→ What you have to do: In the listing below, the answer starts at the line that has "Elevate your wardrobe" and stops after the line that has "Prada 25 Striped"; please repeat that part exactly and nothing more.

→ Supplied information:
────

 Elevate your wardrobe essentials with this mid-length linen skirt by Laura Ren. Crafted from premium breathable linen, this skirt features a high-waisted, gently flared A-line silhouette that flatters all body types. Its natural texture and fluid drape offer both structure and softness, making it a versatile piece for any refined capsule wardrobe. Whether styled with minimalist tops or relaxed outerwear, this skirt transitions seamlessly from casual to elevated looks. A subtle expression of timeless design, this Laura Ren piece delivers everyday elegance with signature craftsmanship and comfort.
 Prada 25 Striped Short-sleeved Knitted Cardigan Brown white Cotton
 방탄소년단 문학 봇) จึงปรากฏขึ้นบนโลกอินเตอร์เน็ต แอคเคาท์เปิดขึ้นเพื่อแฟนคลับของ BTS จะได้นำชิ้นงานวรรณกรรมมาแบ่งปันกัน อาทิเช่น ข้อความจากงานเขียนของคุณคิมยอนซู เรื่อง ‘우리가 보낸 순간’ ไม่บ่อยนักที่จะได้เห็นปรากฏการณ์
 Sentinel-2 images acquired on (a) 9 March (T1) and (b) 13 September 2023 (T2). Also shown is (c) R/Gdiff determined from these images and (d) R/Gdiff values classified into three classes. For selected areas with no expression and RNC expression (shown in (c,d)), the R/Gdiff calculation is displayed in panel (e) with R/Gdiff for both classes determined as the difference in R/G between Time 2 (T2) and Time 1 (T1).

────

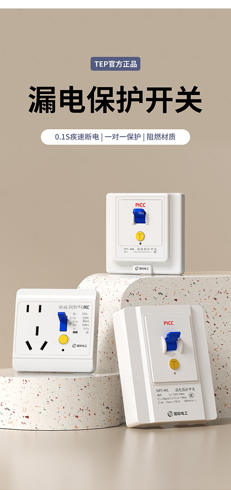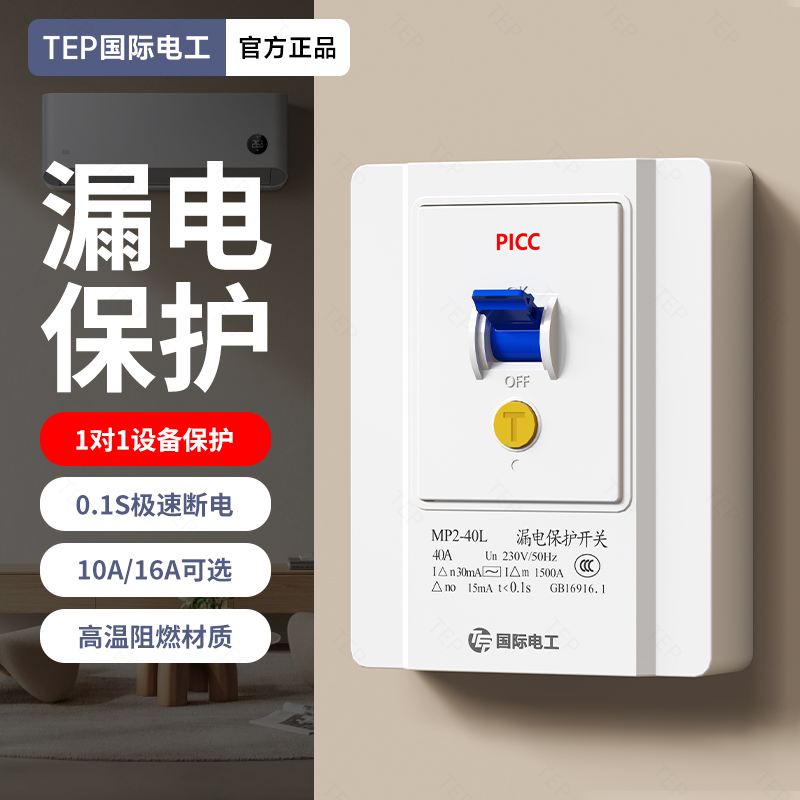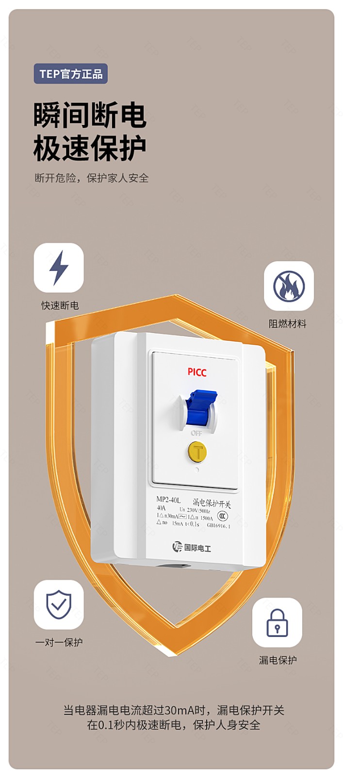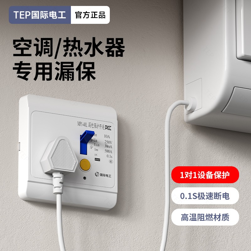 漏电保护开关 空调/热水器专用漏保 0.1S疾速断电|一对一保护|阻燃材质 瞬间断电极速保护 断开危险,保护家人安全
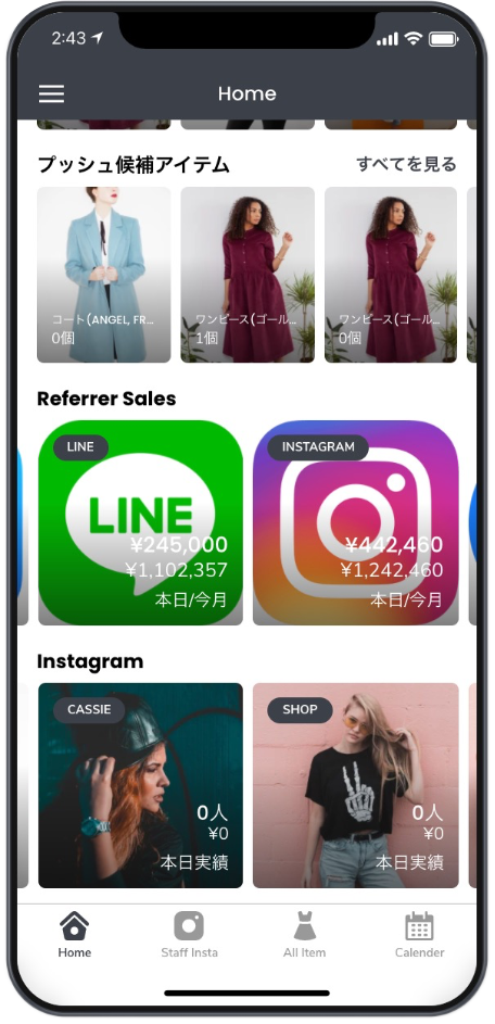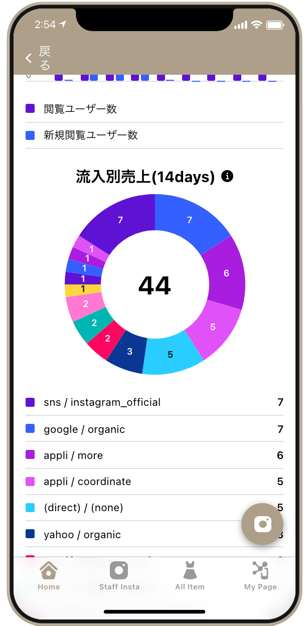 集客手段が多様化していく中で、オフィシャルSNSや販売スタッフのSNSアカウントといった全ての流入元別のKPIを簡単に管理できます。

────

→ Finished task:
 Elevate your wardrobe essentials with this mid-length linen skirt by Laura Ren. Crafted from premium breathable linen, this skirt features a high-waisted, gently flared A-line silhouette that flatters all body types. Its natural texture and fluid drape offer both structure and softness, making it a versatile piece for any refined capsule wardrobe. Whether styled with minimalist tops or relaxed outerwear, this skirt transitions seamlessly from casual to elevated looks. A subtle expression of timeless design, this Laura Ren piece delivers everyday elegance with signature craftsmanship and comfort.
 Prada 25 Striped Short-sleeved Knitted Cardigan Brown white Cotton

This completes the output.